I had a brilliant idea for a hearty pasta meal and it flopped, completely and utterly. The plan was to combine some spaghetti squash with cooked whole wheat linguini. The combination of noodles would be folded into a light and creamy carbonara sauce adorned with flaked smoked salmon. Sounds good right? I know I was looking forward to the first creamy bites! Except somewhere between concept and delivery, the execution turned ugly.
The first red flag was the salmon — this is also the most embarrassing part. I ruined a beautiful small piece of home-smoked salmon. I thought we needed more protein, so I picked up a can of Wild Sockeye to mix in. As soon as I popped the lid off the can I remembered why I don't use canned salmon. It's not the extra-fishy smell or the soft texture that puts me off, it's the bones. Small pin bones and bits of spine stay with the meat in the canning process. They turn soft enough to be eaten but still crunch between your teeth. Crunchy salmon makes me queasy. I got to work picking all the bones I could see out of the mushy pink fish but I couldn't get them all.

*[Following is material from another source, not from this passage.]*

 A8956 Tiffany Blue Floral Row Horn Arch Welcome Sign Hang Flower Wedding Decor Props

I hoped the rich creamy sauce would make up for the unappealing protein; it didn't. I had a recipe but, true to form, didn't follow it exactly. I am sure the water I used to temper the eggs was not hot enough; they didn't exactly scramble but they didn't thicken the sauce either. I also used a different cheese, which got a little lumpy. The sauce turned out watery and an unappetizing pink color.

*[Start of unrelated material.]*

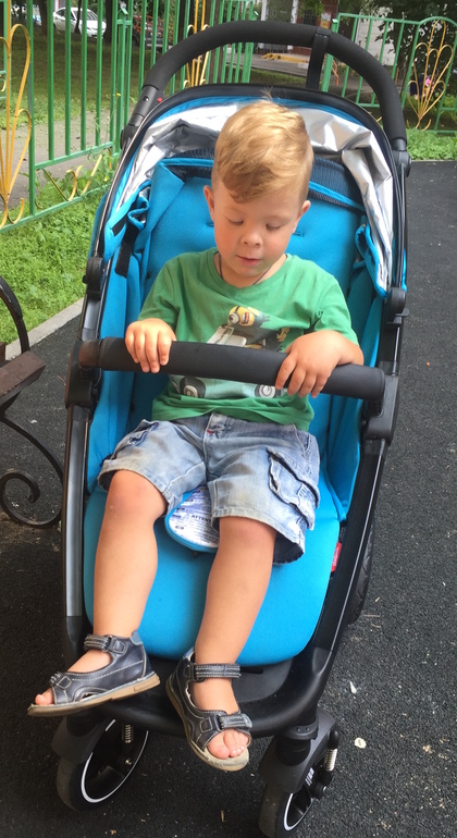 И вот прошли годы...тут на днях подвернулась удача - я поучаствовала в тест-драйве коляски от Phil &Teds.Хоть мальчики мои уже и выросли и 6-ти летнему Ване коляска уже совсем не нужна,но Илюше,которому еще нет 3 лет зачастую она необходима для долгих прогулок и путешествий.Итак,мы отставили в уголок наш "стульчик на колесах" - коляску-трость,и на неделю переселились в компактный кроссовер Фил энд Тедс,на четырех колесах,с плавающей спинкой,огромным козырьком...ну,обо всем коротко и по порядку.
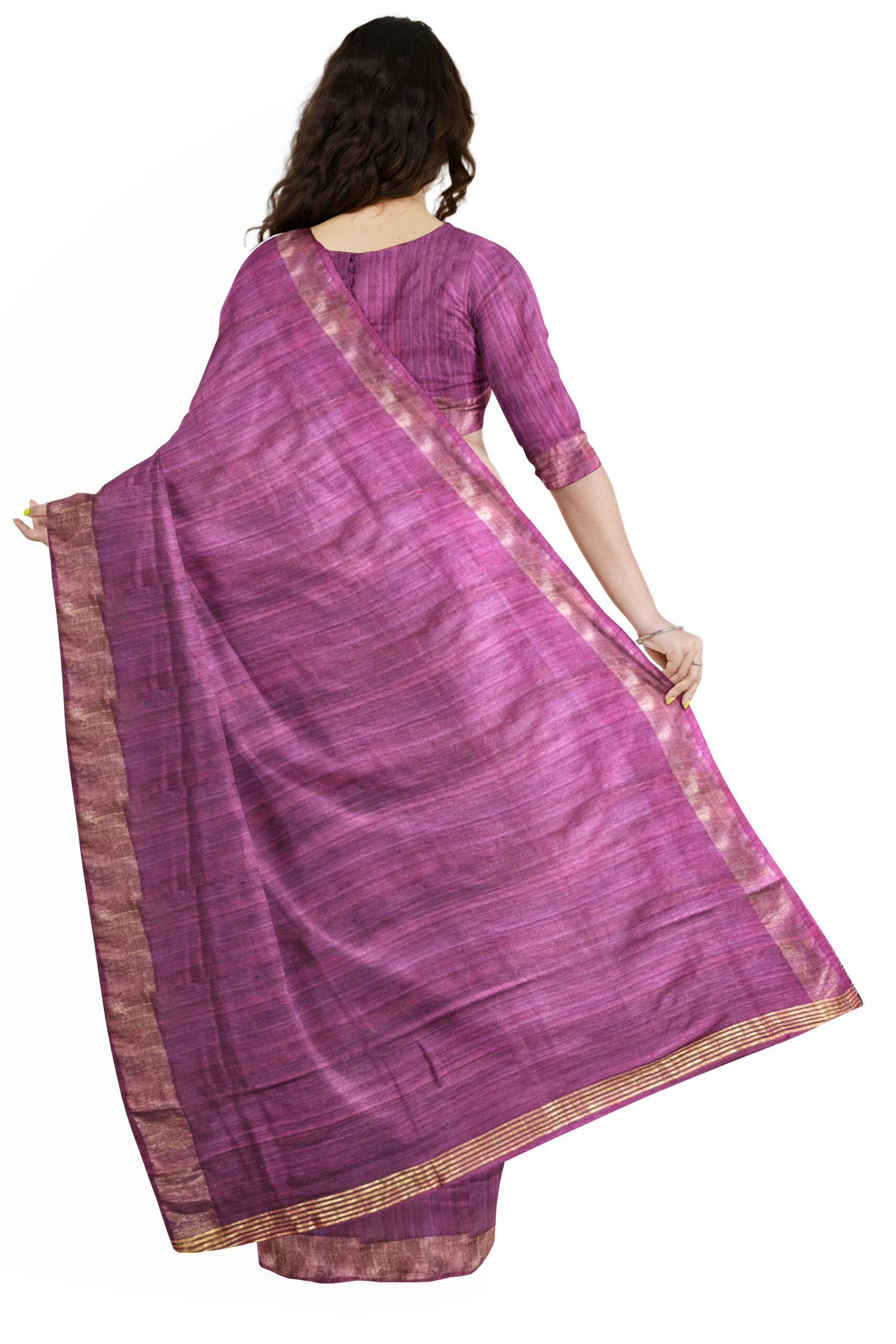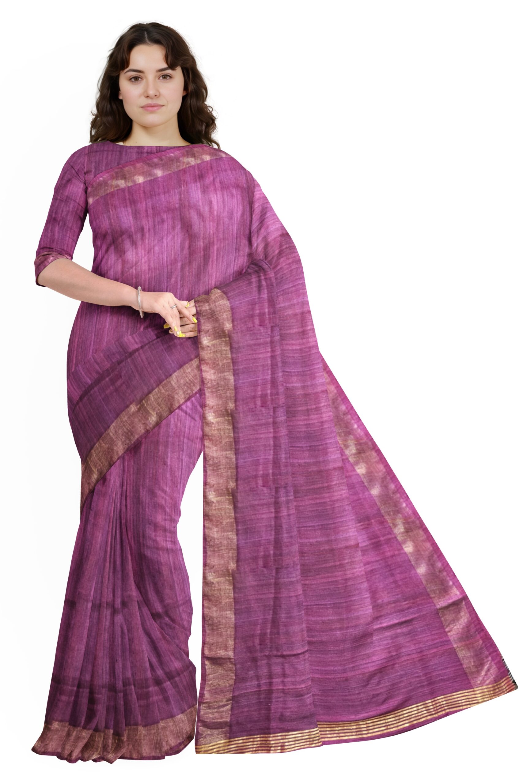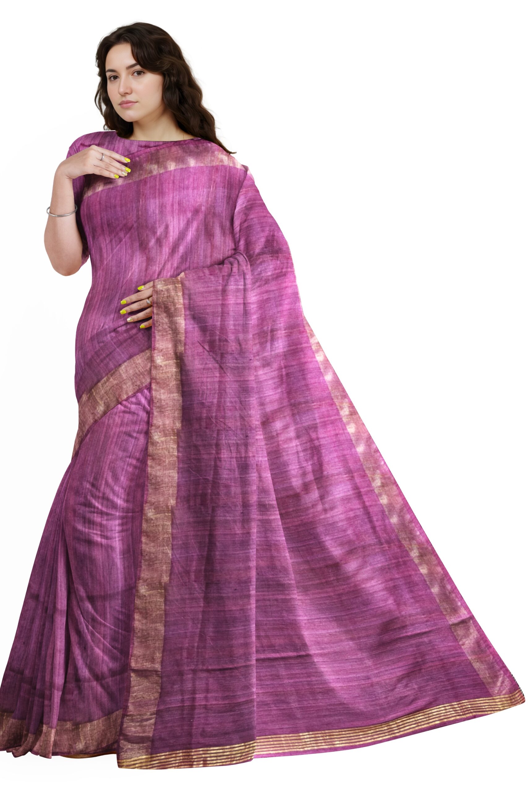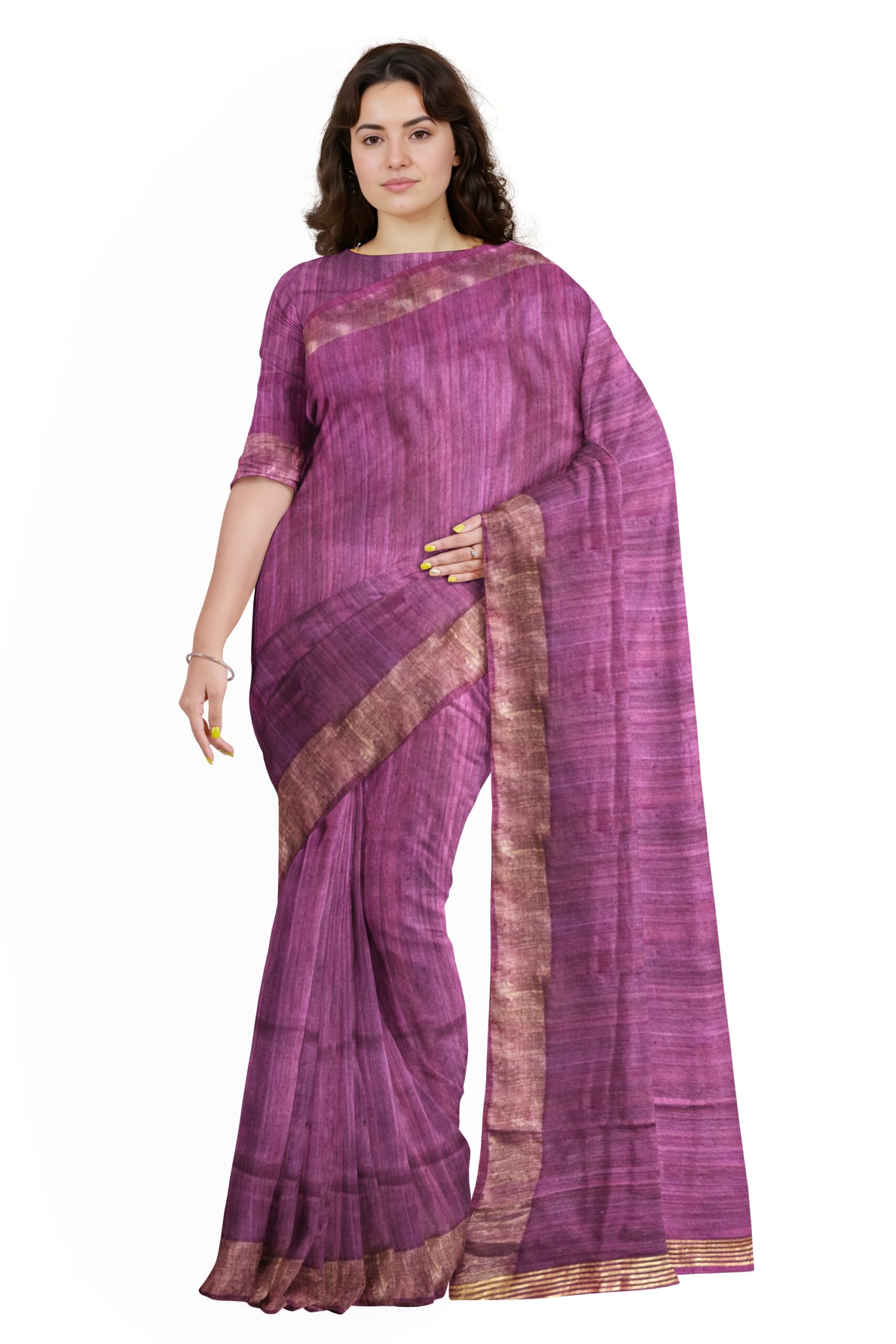 Elegant Purple Cotton Silk Saree with Golden Zari Border – Tussar Ghichacha sarees

When I finally put the finished dish on the table I couldn't even be bothered to clear away the random toys or take the salad out of the plastic box. Classy!
Later that same night, I picked up my current Edible Books book club read, Julia Child's My Life in France. In chapter 2, section II, she tells the story of serving her friend "the most vile eggs Florentine one could imagine." She says, "I made sure not to apologize for it. This was a rule of mine."

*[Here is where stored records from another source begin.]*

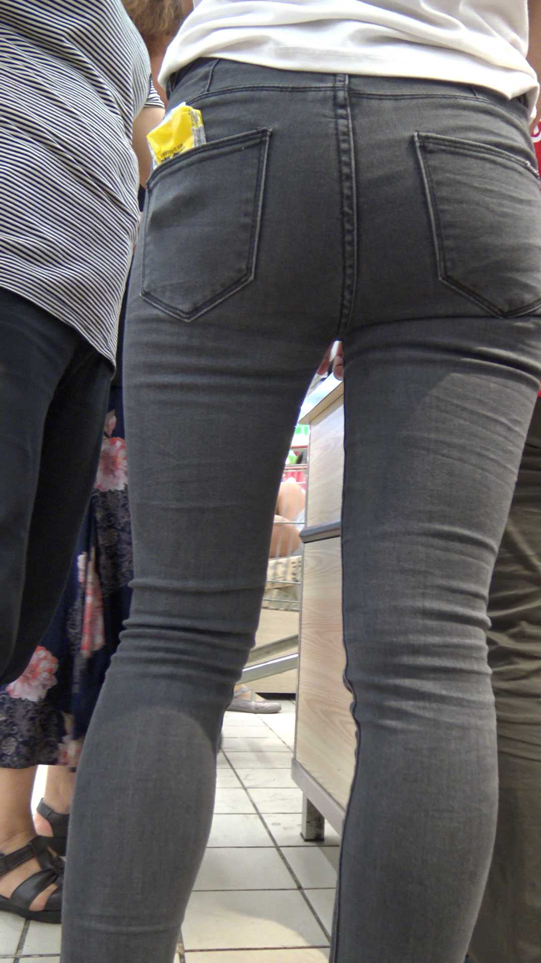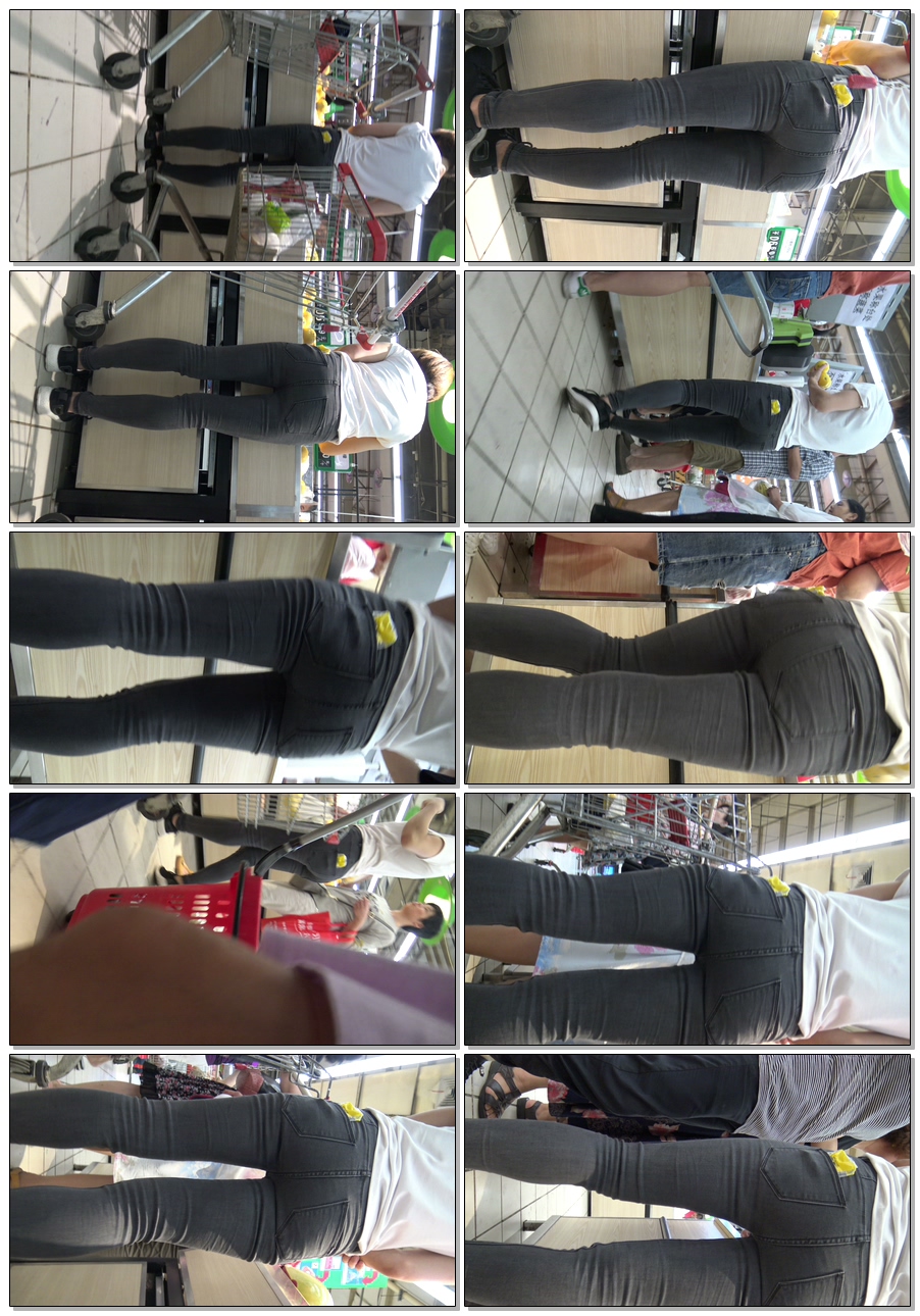 C1183超市紧身黑牛仔翘臀美女
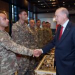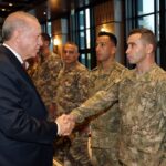 Erdoğan, sporcular, askerler ve antrenörleriyle bir süre sohbet etti.
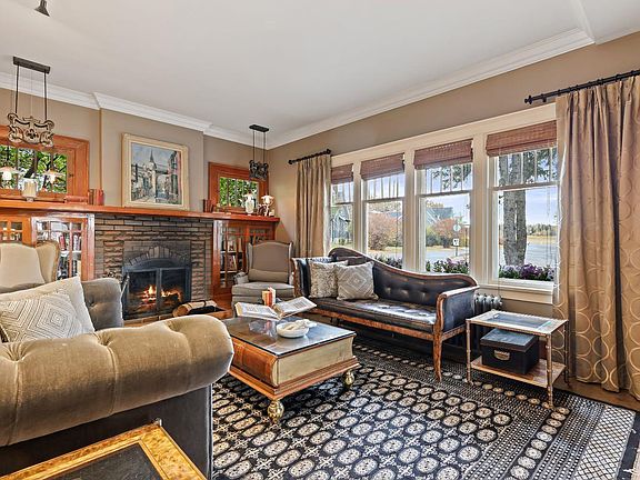 The central hall design leads to a spacious living room featuring built-in bookshelves, original piano windows, and a cozy wood-burning fireplace, alongside a formal dining room ideal for entertaining. The kitchen includes a butcher block island, honed granite countertops, stainless steel appliances, and a bright breakfast nook. The main floor also offers a versatile bedroom or den and a full bathroom.

"I don't believe in twisting yourself into knots of excuses and explanations over the food you make. When one's hostess starts in with self-deprecations such as "Oh, I don't know how to cook...," or "Poor little me...," or "This may taste awful...," it is so dreadful to have to reassure her that everything is delicious and fine, whether it is or not. Besides, such admissions only draw attention to one's shortcomings (or self-perceived shortcomings), and make the other person think, "Yes, you're right, this really is an awful meal!" Maybe the cat has fallen into the stew, or the lettuce has frozen, or the cake has collapsed -- eh bien, tant pis! Usually one's cooking is better than one thinks it is. And if the food is truly vile, as my ersatz eggs Florentine surely were, then the cook must simply grit her teeth and bear it with a smile -- and learn from her mistakes."At dinner I knew the meal was not great. It was edible but no one considered a second helping. Scooping the remains into a leftover container did not fill me with excitement. I did not realize at the time I was following Julia Child's wisdom, but I did not apologize, and boy-oh-boy did I learn a few lessons.